As the Fed navigates a minefield of inflation uncertainty and the specter of Trump's policy shake-up, they're poised to keep interest rates steady while hoping for a miracle that brings inflation back to its 2% target—because who doesn't love a good economic cliffhanger?
Fed officials at December meeting saw new inflation risks around Trump policies The Federal Reserve building in Washington, U.S., January 26, 2022. REUTERS/Joshua Roberts/File Photo

  • Officials still expected inflation to decline toward 2% target
  • Uncertainty about Trump policies clouds economic outlook
  • Investors expect Fed to hold rates steady later this month

By Howard Schneider

"Participants expected that inflation would continue to move toward 2%, although they noted that recent higher-than-expected readings on inflation, and the effects of potential changes in trade and immigration policy, suggested that the process could take longer than previously anticipated," the minutes said of the discussions around the Fed's decision last month to cut its benchmark policy rate by a quarter of a percentage point.

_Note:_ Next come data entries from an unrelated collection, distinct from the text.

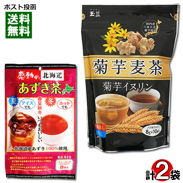 中村食品産業 あずき茶×1袋(ティーバッグ8入り)&玉三 菊芋麦茶×1袋(ティーバッグ10入り) 計2袋詰め合わせセット
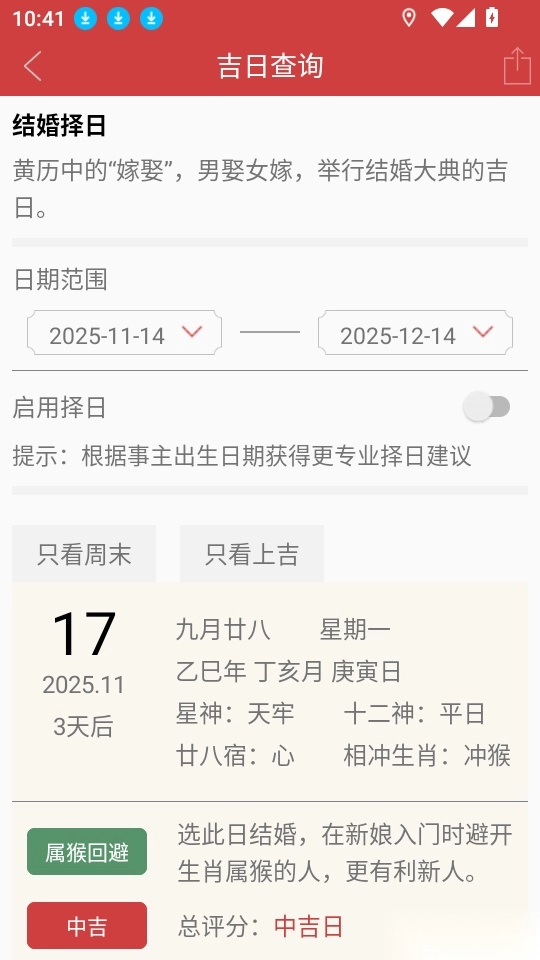 4、之后就可选择需要查询的吉日,点击“吉日”来进行下一步。
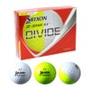 【ビジュアルとパフォーマンス、どちらも譲れない】■見えるって、こんなにズルい。イエローとホワイトで半球ずつ色分けしたボールは、2色の境目部のラインを目標に対して合わせやすいほか、 飛球中のボールの回転が分かりやすく、ボールのスピン回転がハッキリ見えることが特長です。グリーン上での転がりも見えやすいので、普段ゴルフボールにラインを引いている方にもおすすめです。さらに、見えやすいことでロストボールしにくく、遠くからでも自分のボールと分かりやすいため誤球防止にもなります。【9代目Z-ATAR・Z-ATAR XV】■NEW Z-STARシリーズのキーテクノロジー「高スピン バイオ ウレタンカバー」。最適な分子設計を行うことで、勝負を決めるグリーン周りでのアプローチスピン量が3モデル共通して向上。■NEW Z-STARシリーズを支えるコアテクノロジー「強弾道338スピードディンプル」。ショット後半でボールがひと伸びする弾道で飛距離アップを実現。また、アゲンストでも風に負けず、さらに高い飛距離性能を発揮。【攻めのZ-ATAR XV 弾きの良い打感で、最高レベルのドライバー飛距離性能】■最高レベルのドライバー飛距離で大胆に攻めて、飛びのアドバンテージをとりたいゴルファーへ。【特に飛距離を求めるゴルファーに合わせた専用設計】■ドライバー飛距離性能。■薄いカバー厚により、ボールの反発を担うコア・ミッドをその分大きくした設計。初速のアップとドライバーのスピン量を抑え、高い飛距離性能をサポート。■高初速化を維持しつつ、ドライバーショットで低スピン化を実現し、高い飛距離性能をサポート。
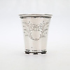 Mester i Göteborg 1692-1698, Lidköping 1699-1703 Årstal G Indvendig forgyldt, dekoration med monogram, højde 82 mm, diameter ved mundingen 75 mm.
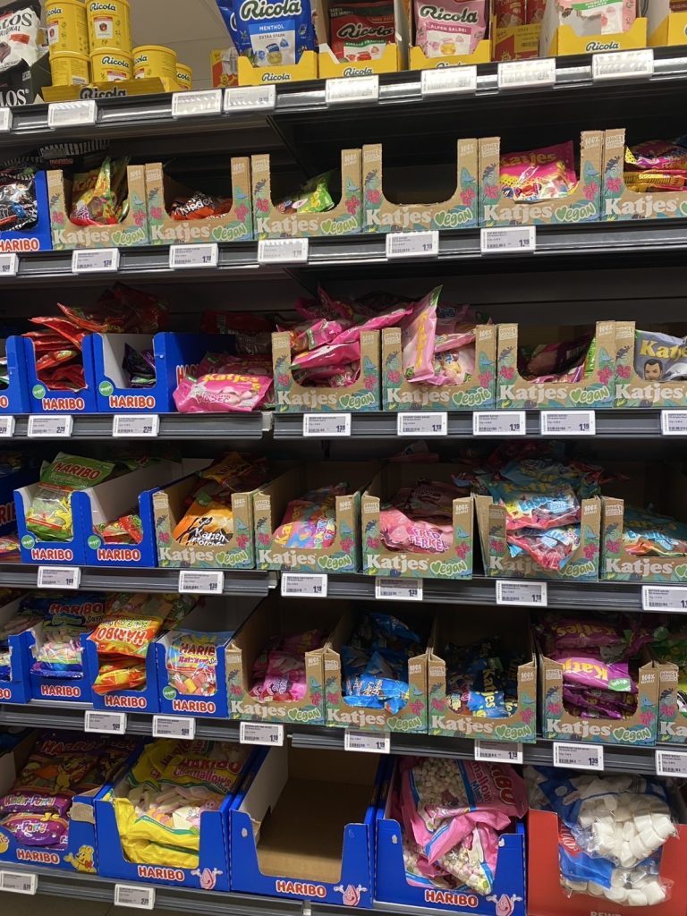あることを願って行ってみました。さすがはHARIBO発祥の地ドイツ、棚には多くHARIBOが並んでいましたが、、、目当てのチョコマシュマロだけ品切れとなっていました。(写真の一番下)
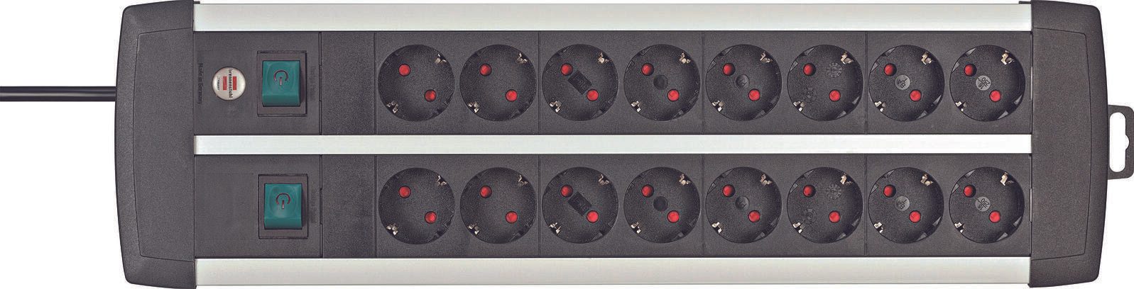 Die Steckdosenleiste16fach Aluline von brennenstuhl kombiniert Funktionalität mit einem ansprechenden Design. Dank des silbernen Farbtons fügt sie sich nahtlos in jede Umgebung ein. Trotz ihrer robusten Bauweise ist die Steckdosenleiste leicht und handlich.
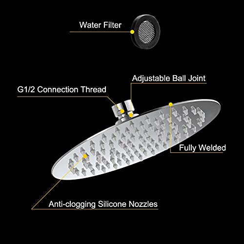 Inputer Soffione Doccia Grande a Pioggia 25CM*25CM Soffione Doccia Alta Pressione Rotondo con getto superiore Soffione Doccia Anticalcare Potente Design ultrasottile in Acciaio Inox 304
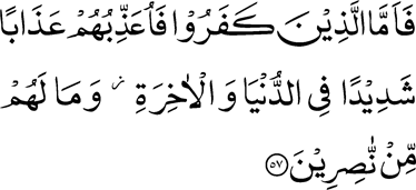Translation (alislam.org) [3:57]‘Then as for those who disbelieve, I will punish them with a severe punishment in this world and in the next, and they shall have no helpers.We never punish until We have sent a Messenger. پس جہانتک ان لوگوں کا تعلق ہے جنہوں نے کفر کیا تو اُن کو میں اِس دنیا میں بھی اور آخرت میں بھی شدید عذاب دوں گا اور ان کے کوئی مددگار نہیں ہوں گے۔ |
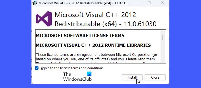 Visual C++ Redistributable Packages встановлює компоненти середовища виконання бібліотек Visual C++ (Standard C++, C Runtime, ATL, MFC, C++ AMP тощо), які потрібні для запуску програм, розроблених у середовищі Visual Studio 2012 IDE, у системах Windows 11/10, у яких не встановлено Visual Studio 2012. Якщо причиною помилки є відсутня бібліотека Visual C++, її можна виправити, інсталювавши.
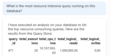 Something very interesting is resource intensive queries. I’ve been running some silly stuff against my data, just to see what happens. The question sent to Copilot is what the most resource intensive query is. Now resource intensive is a bit of a generalisation because what does it mean? CPU, Memory, IO or all of these? Let’s see.
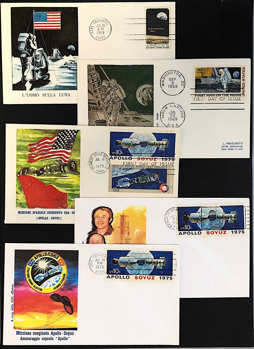 Due volumi edizione "Philgraf". Decine di buste con annulli commemorativi ed emissioni di francobolli in ricordo delle storiche missioni spaziali. Notati alcuni fogli e diverse buste celebrative della missione "Apollo-Soyuz" del 1975. Ottima qualità, di interesse didattico per giovani studenti.
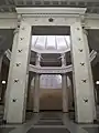 В центре этого подземного зала стоит мощная, круглая, развивающаяся вверх колонна (столп). Основание этой колонны как бы заглублено в пол, а углубление обведено по кругу небольшим гранитным бортиком[7]. Поверхность столпа покрыта затейливой лепниной растительных мотивов. На ней также размещены небольшие лепные медальоны с сельскими сценками[7]. Потолок зала опирается на столп, а также на два кольца колонн. Эти колонны — круглые, каннелированные, облицованные сургучно-красным мрамором, и квадратные, облицованные светло-кремовым мрамором. Стены зала облицованы розовым и желтоватым мрамором Газганского месторождения[7].
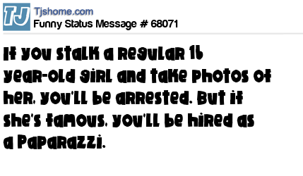 - # 67919 If you stalk a regular 16 year-old girl and take photos of her, you'll be arrested. But if she's famous, you'll be hired.
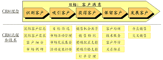 CRM在客戶生命周期的不同階段,都提供了相應的功能,來達到客戶滿意的目標。
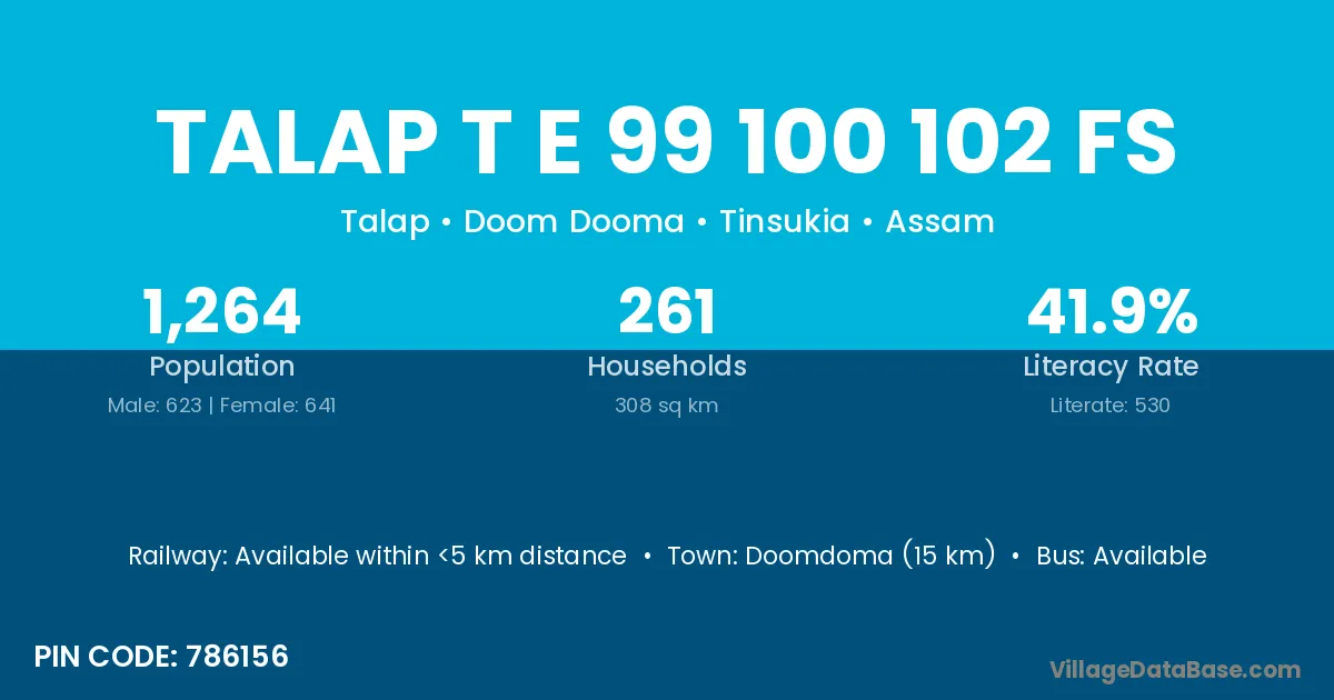 Talap T E 99 100 102 Fs village has a total population of 1,264 people, of which 623 are males and 641 are females.
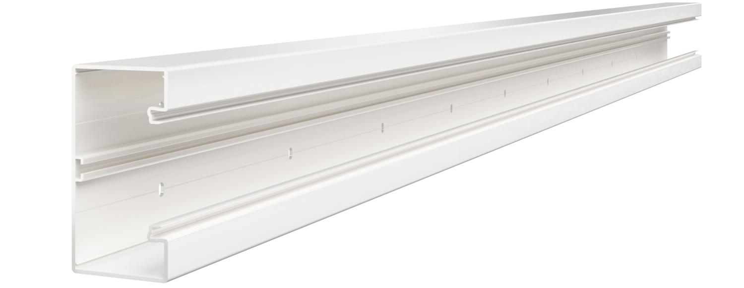 Description du produitGoulotte d'appareillage GKH en PC/ABS sans halogène pour montage direct au mur ou sur des consoles murales. La fixation s'effectue par l'intermédiaire des perforations situées dans la goulotte. La goulotte d'appareillage GKH est équipée d'un profilé en C pour accueillir un séparateur en plastique. Dans les boîtiers d'appareillage de la gamme 71GD... tous les programmes d'interrupteurs, à vis ou à griffe, peuvent être installés ainsi que les appareillages type Modul 45. L'ouverture du système est de 76,5 mm. Une paire de raccords est prémontée d'un côté en fonction de la longueur de goulotte.

"Several observed that the disinflationary process may have stalled temporarily or noted the risk that it could."

The minutes described the December rate cut by the policy-setting Federal Open Market Committee as "finely balanced," with some participants noting the "merits" of not reducing borrowing costs in light of what some see as stalled progress in lowering inflation.

Given the uncertainty ahead and the full percentage point of reductions already made to the benchmark interest rate in 2024, "participants indicated that the Committee was at or near the point at which it would be appropriate to slow the pace of policy easing," the minutes said. "Most participants remarked that ... the Committee could take a careful approach in considering" further cuts.

After the release of the minutes, interest rate futures markets continued to reflect bets that the Fed would keep its policy rate steady in the current 4.25%-4.50% range at its next couple of meetings, with the first reduction coming in May at the earliest, and the odds of a second cut in 2025 only at 50%.

The minutes showed policymakers facing a suddenly tangled set of new influences on an economy that starts the year with relatively low unemployment, strong growth, and inflation that remains above the Fed's 2% target but is expected to decline.

Fed staff "highlighted the difficulty" of gaming out what lay ahead from an incoming administration that has promised to deport undocumented immigrants, tighten the borders, and raise taxes on imported goods - but said it could lead to slower growth and higher unemployment.

"After incorporating the recent data and preliminary placeholder assumptions about potential policy changes, real GDP growth was projected to be slightly lower than in the previous baseline forecast, and the unemployment rate was expected to be a bit higher," the minutes said of staff assessments of the policies that President-elect Donald Trump's return to power on 20 January may usher in.

Along with higher tariffs, volatile trade relations, and tough immigration rules, Trump has also pledged looser regulations on business and tax cuts.

Policymakers say it will take time to determine the net impact of those policies on growth, jobs and inflation.